Struggling to find a CV that stands out?
Unfortunately, when you’ve worked in recruitment for a while, some candidates CVs can often end up looking like virtual replicas of one another. And much of it simply comes down to an overreliance on the same old stock phrases.
To remind you of what not to look for, here are five clichéd lines you never want to see in a CV:
- ‘Although I don’t have much experience in…’
Candidates that constantly apologise are probably feeling some level of doubt in their suitability.
Not only does it show a lack of confidence in their ability to do the job at hand, it also emphasises their (supposed) shortcomings instead of focusing on what skills they actually do have.
If it’s a skill or qualification that is essential for the job they’re applying for, the last thing you’re likely to want them to do is apologise. And, if it’s not 100% necessary, is there any need for them to mention it?
Either way, even the most promising candidate is unlikely to come out in a positive light after their admission.
What they should be saying: The most successful candidates will focus on what skills and experience they have that make them a good fit, and they’ll draw attention to those instead.
‘I’m great at multi-tasking’
Let’s face it, multi-tasking is important for almost every role.
Unfortunately, this has led to a phrase which has been so overused in CVs that it’s starting to lose all meaning.
We’re not saying that the ability to multi-task isn’t a valuable attribute. However, a candidate that simply includes that they’re good at it provides very little value to your business. They actually need to back it up.
The best candidates will reference relevant examples of when they’ve put their multi-tasking skills to the test, and how they could utilise these skills for the role in question.
To put it simply, it’s all about how they say it – not just about what they say.
What they should be saying: Candidates who are doing it right will talk about the tasks they’ve done that exemplify their multitasking skills, and then use them to quantify their claims (i.e. how they managed multiple tasks to achieve a successful outcome – and what the outcome actually was).
‘I’m a team player, who also works well alone’

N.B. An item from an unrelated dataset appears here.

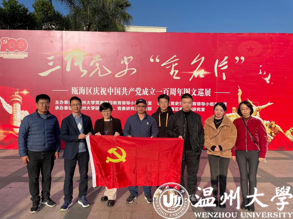 党总支组织师生党员代表前往教工餐厅前广场参观了主题为“百年荣耀,潮涌瓯江”的党史教育图片展。本次展览内容主要是瓯海区三张党史“金名片”,中共浙南第一次代表大会(被誉为“浙南红色革命的火种”)、温州和平解放谈判(被誉为“温州和平解放的摇篮”)、燎原社“包产到户”(被誉为“中国农村改革的源头”)。师生党员在一张张历史图片前驻足思考,深刻感受中国共产党人领导人民争取民族独立、人民解放、国家富强和人民幸福的光辉历程。参观中,党员们交流感悟,抒发心情。

Chances are, almost all of your candidates will be good in a group and working individually. Most people are.
However, the real problem with this phrase isn’t the fact that it’s notoriously overused, it’s that it doesn’t really say a lot.

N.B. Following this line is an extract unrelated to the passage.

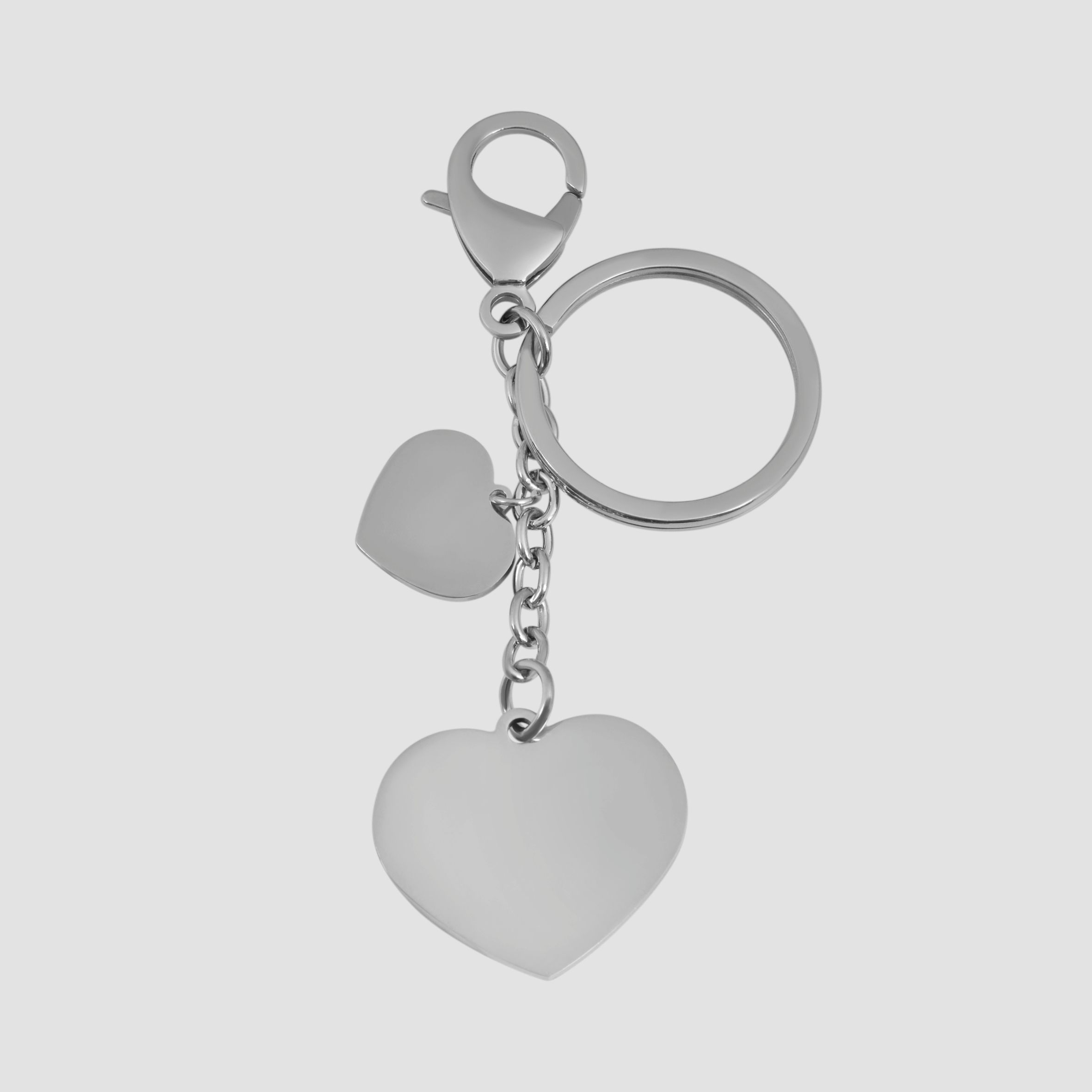 De sleutelhanger van het merk Akzent is gemaakt van roestvrij staal en is zilverkleurig. De hanger heeft de vorm van een hart en een tweede hartvormige hanger is bevestigd aan de roestvrijstalen oogjes. Het is perfect als gepersonaliseerd cadeau, want de hanger is een hoogglans gepolijst graveerplaatje met een lengte van 26 mm, een breedte van 30 mm en een dikte van 2 mm. De tweede kleinere hanger is 15 mm lang, 19 mm breed en 1 mm dik. De hanger kan aan beide zijden worden gegraveerd en is zeer robuust omdat hij van roestvrij staal is gemaakt. De hanger is bevestigd aan een sleutelhanger met acht roestvrijstalen oogjes. Deze heeft een diameter van 30 mm en is ook gemaakt van roestvrij staal en zeer robuust. Deze sleutelhanger is een prachtig accessoire dat elke sleutelbos verfraait.

A candidate saying they’re ‘a team player, who also works well alone’ can often come across as a lazy attempt to cover all bases – because they feel that maybe, one of them might be a necessary requirement.
Essentially, it’s the CV equivalent of sitting on the fence.
What they should be saying: The key to making this point actually stand out comes down to a candidate’s ability to make it mean more. The best applicants will use their knowledge of the role to choose whether to place the most emphasis on team work, or on working alone. Then, they’ll either demonstrate a time where they’ve proved their success of working in a team, or talk about how they’ve completed tasks independently.
‘I’m a perfectionist’
Whether they use this phrase on its own, or couple it with its even more irritating prefix ‘my biggest weakness is…’ this point simply has no place in a CV.
Even if a candidate genuinely is a perfectionist, this over-exaggerated character-defining phrase often just translates as: ‘I’m really picky over minor details’. In reality, nothing is perfect – especially in the workplace. And a candidate with an obsession with perfection could just imply that they won’t react well when things don’t go to plan.
Alternatively, they may use this phrase to pretend they have no real weaknesses, other than their pursuit of greatness. Which, let’s face it, isn’t an attractive quality in anyone.
There aren’t a lot of positive outcomes.
What they should be saying: An honest candidate is a good candidate. If they give you enough of their skills, achievements, and experience, you’ll be able to make an informed decision on what they’re really like. And if they bring up weaknesses on their CV, they’re probably not the one…
‘I’m a people person’
Although this attribute is incredibly important attribute to have for a number of jobs (particularly customer facing ones), you still shouldn’t find it in a CV.
As with most clichéd phrases, it doesn’t have much meaning. Doesn’t everyone have the ability to speak to other humans, at least to some extent?
Not only will a candidate who includes this in their CV be using an overused line, they’ll also risk mildly irritating the person with the power to move their application further (i.e. anyone working in recruitment or HR).
Without any context or elaboration, this is essentially just a fancy use of alliteration – and one that a CV could definitely do without.
What they should be saying: The most creative candidates will still reference their ‘people skills’, but display them in a way that effectively describes their communication skills, customer service experience, and affability, all at the same time. Proven instances and examples of successful interactions and good relationships with colleagues or customers are a great way for candidates to mention their abilities without using a cliché.